A single diode in series would be a good idea, to keep the battery from pushing current backwards through the panel, whenever there is low light; e.g. night time, or clouds.

By the way, for charging batteries, the charging current is often scaled to the ampere*hour capacity of the battery, and you will see numbers like "C/3", "C/10", "C/100", and so forth. I think this convention might be called, "C-rate"

https://batteryuniversity.com/learn/article/what_i...

The way it works is, the number in the denominator is a number of hours, and C is the battery capacity in ampere*hours, so this division problem gives an answer in units of current.

As an example, the amount of current needed to charge 80 A*hour battery, in 10 hours, is (80 A*hour)/(10 hour) = 8 A

Equivalently, the C/10 rate for this battery is 8 A.

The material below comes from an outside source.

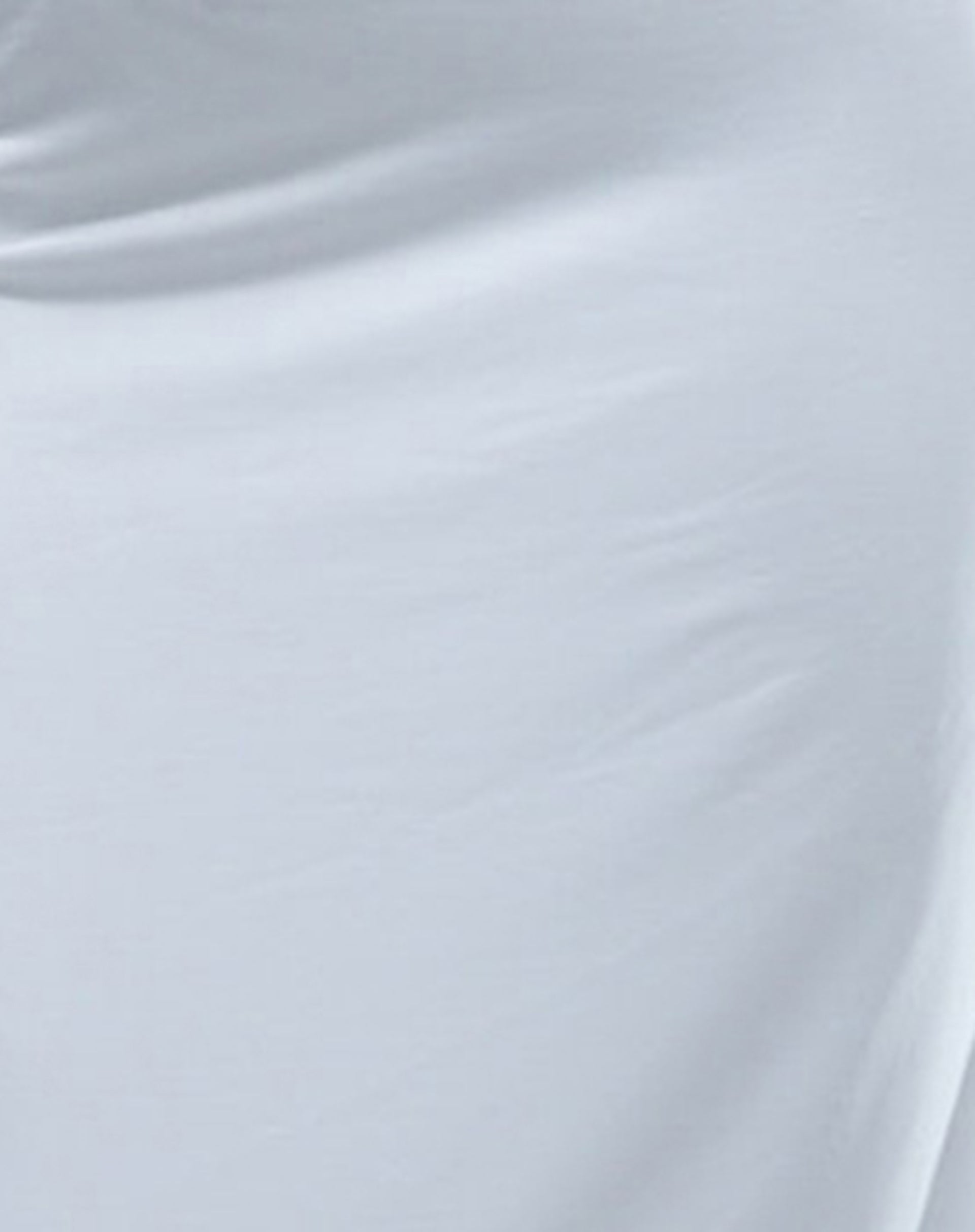 Low rise midi skirt with ruched detailed at waist featuring asymmetrical hem and split detail in ivory slinky material. For the perfect 'fit pair with our Inda top.

Also for this battery, a charging current of 1 A, is C/80.

And that charging rate might be low enough to be considered, "trickle charging", which is essentially charging so slowly there is no danger of overcharging the battery, even if that current were connected forever.

Of course that is not possible with solar power, since that is naturally turned off at night. So that might actually be helpful, to prevent overcharging the battery.

By the way, you did not mention the chemistry of your battery, but I am guessing it is lead acid.

Also by the way, I think the way the professionals do this, is to buy a charge controller matched to the battery being charged, and maybe also matched to the power source, like solar or mains power. Then the charge controller uses some kind of logic, or algorithm, to make decisions about when to turn on, turn off, charging current.

I linked to batteryuniversity, and I should probably also link to powerstream, because they have some good tutorials also.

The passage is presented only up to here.